Kx for Sensors implements a number of estimation algorithms that permit the fair and manageable handling of missing data under the many real-world circumstances that can arise. These algorithms include estimation using a constant value; point-to-point linear interpolation; historical estimation and profile estimation using an expected pattern of sensor data. In addition, in certain situations, such as when quantities are out-of-tolerance, readings can be transitioned to an exception state whereby they require manual intervention to resolve.
For example, we illustrate estimation using the linear estimation algorithm.
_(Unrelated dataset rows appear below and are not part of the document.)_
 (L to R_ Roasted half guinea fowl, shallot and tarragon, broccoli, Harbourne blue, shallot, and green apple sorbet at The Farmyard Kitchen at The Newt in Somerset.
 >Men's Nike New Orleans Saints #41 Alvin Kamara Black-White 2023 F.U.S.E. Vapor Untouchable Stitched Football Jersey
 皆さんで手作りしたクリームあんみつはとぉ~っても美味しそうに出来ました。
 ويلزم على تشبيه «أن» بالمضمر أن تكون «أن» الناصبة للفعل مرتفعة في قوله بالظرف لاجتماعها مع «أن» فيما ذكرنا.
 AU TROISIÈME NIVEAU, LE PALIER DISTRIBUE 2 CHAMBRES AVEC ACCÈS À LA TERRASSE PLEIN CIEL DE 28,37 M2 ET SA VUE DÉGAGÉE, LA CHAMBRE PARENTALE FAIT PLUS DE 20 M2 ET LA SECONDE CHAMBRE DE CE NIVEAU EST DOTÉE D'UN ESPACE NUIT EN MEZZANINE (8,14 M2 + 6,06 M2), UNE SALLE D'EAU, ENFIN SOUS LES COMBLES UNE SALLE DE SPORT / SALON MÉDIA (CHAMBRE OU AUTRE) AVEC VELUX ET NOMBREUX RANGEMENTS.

During validation, when a reading gap is detected it is labeled between readings Ip and Iq for time intervals tg1 and tg2. The linear estimation algorithm essentially draws a straight line between Ip and Iq and calculates g1 and g2 to fit on that line (e.g. if Ip = 5 and Iq = 8 then g1 and g2 would be calculated as 6 and 7)
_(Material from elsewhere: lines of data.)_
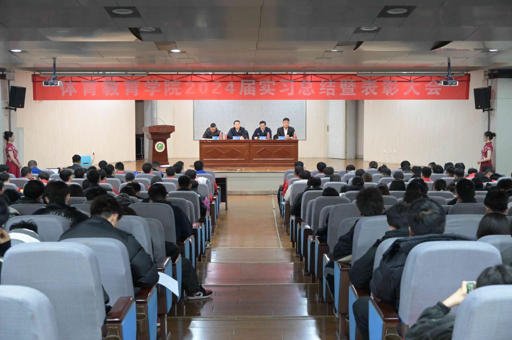 本网讯    1月5日中午,体育教育学院2024届实习总结暨表彰大会在教学楼一楼报告厅举行。学院领导班子出席,2024届全体校内实习指导教师、辅导员、毕业生参加此次了会议。会议由副院长许磊主持。
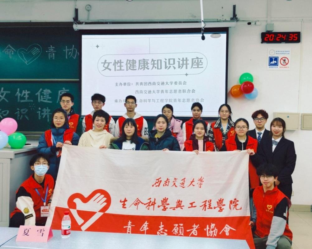 12月7日,生命科学与工程学院青年志愿者协会联合四川省交通医院在犀浦校区成功举办了“呵护健康,益起美丽”女性健康知识讲座。本次讲座旨在让大学生更深入地了解女性健康知识,提高对女性健康的重视程度。活动到场的嘉宾有四川省交通医院主管药师侯丽芳老师、主管护师温晓庆老师以及妇产科住院总夏雪老师。
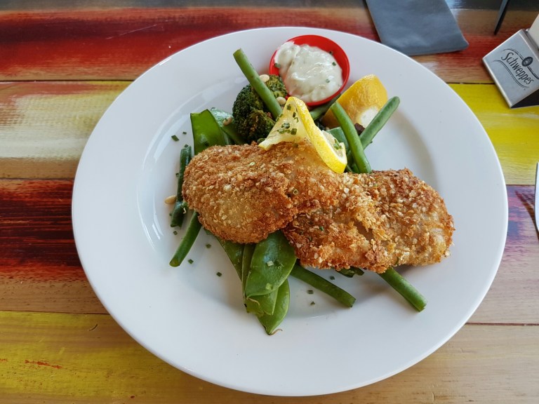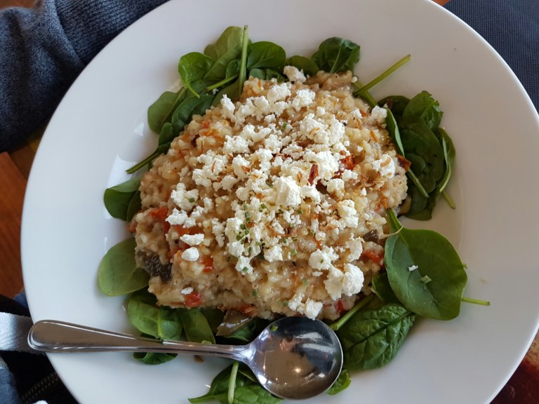 Quinoa crumbed fish.(www.saltshakerrestaurant.com.au). I guess the chef knows the word risotto from the radio …
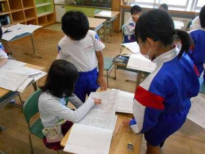 自分の書いた「おもちゃの作り方」の説明文を友達と読み合いました。「順序が分かる言葉が使ってあって、分かりやすい」「長さや数が書いてあるから、分かりやすい」など、文章の工夫を見付けてノートに書きました。
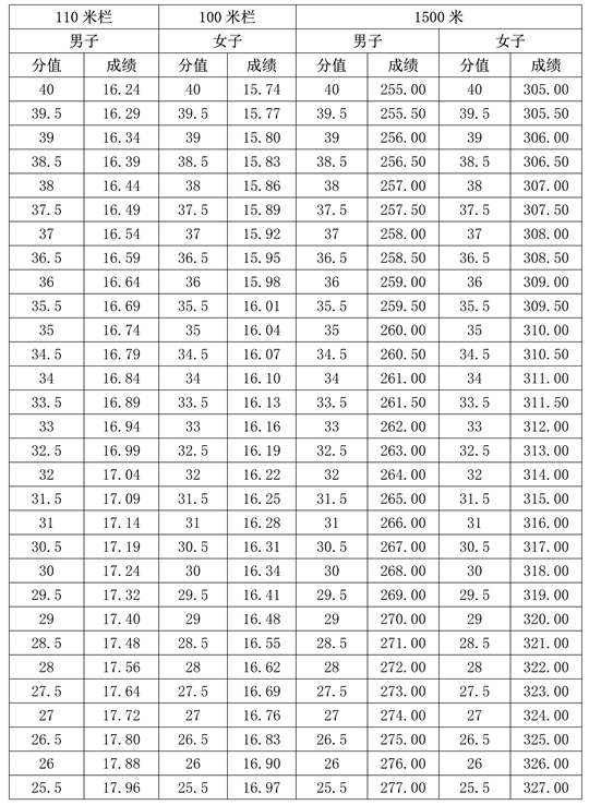 2.男子110米欄、女子100米欄、1500米跑評分表(單位:秒)
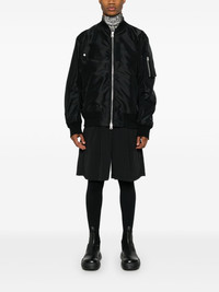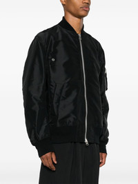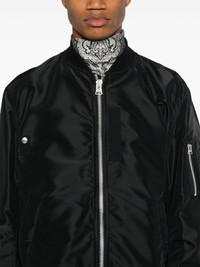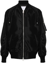 zip-up bomber jacket Highlights - Black - Ribbed band collar - Front two-way zip fastening - Long sleeves - Ribbed cuffs and hem - Sleeve zip pocket - Two side stud-fastening pockets - Press-stud fastening side slits - Straight hem Imported Composition Outer: Nylon 100%, Polyester 55%, Cotton 44%, Polyurethane 1% Lining: Polyester 100% SIZE & FIT Model measurements Height 6 ft 2 in(1.89 m) Bust/Chest 36.22 in(92 cm) Hips 35.82 in(91 cm) Waist 28.54 in(72.5 cm) Measurement CHEST 53.54 in(136 cm) SLEEVE LENGTH 38.97 in(99 cm) LENGTH 29.52 in(75 cm) WAIST 44.88 in(114 cm) Shoulder Width 20.86 in(53 cm) FittingInformation Designed to be unstructured, offering a loose fit throughout The ribbed hem offers a close, comfortable fit Made from a midweight non-stretch fabric This piece fits true to size – take your usual size

VEE presents a model for best practice checks and corrections of data that can be implemented for all IoT applications. From utilities to Industry 4.0, the problem of building and implementing Industrial IoT systems in an era of massive amounts of sensor data starts first with validating, estimation and editing the data. Anomalies need to be flagged, errors need to be fixed, and all changes need to be fully traceable.
New tools are needed for this new era of digital information overload, like Kx for Sensors. Its rich real-time analytics presents a significant opportunity for optimizing business operations, customer engagement, and offering new services and products. In addition to data analysis and management, it has been proven to provide measurably faster and more efficient results for fault detection, settlement and reconciliation, data marts and surveillance and monitoring of data.
Przemek Tomczak is Senior Vice-President of Internet of Things and Utilities at Kx. For over twenty-five years, Kx has been providing the world’s fastest database technology and business intelligence solutions for high velocity and large data sets. Previously, Przemek held senior roles at the Independent Electricity System Operator in Ontario, Canada, and top-tier consulting firms and systems integrators. Przemek also has a CPA, CISA and has a background in business, technology, and risk management. He has extensive experience in implementing and auditing controls for data quality and data processing.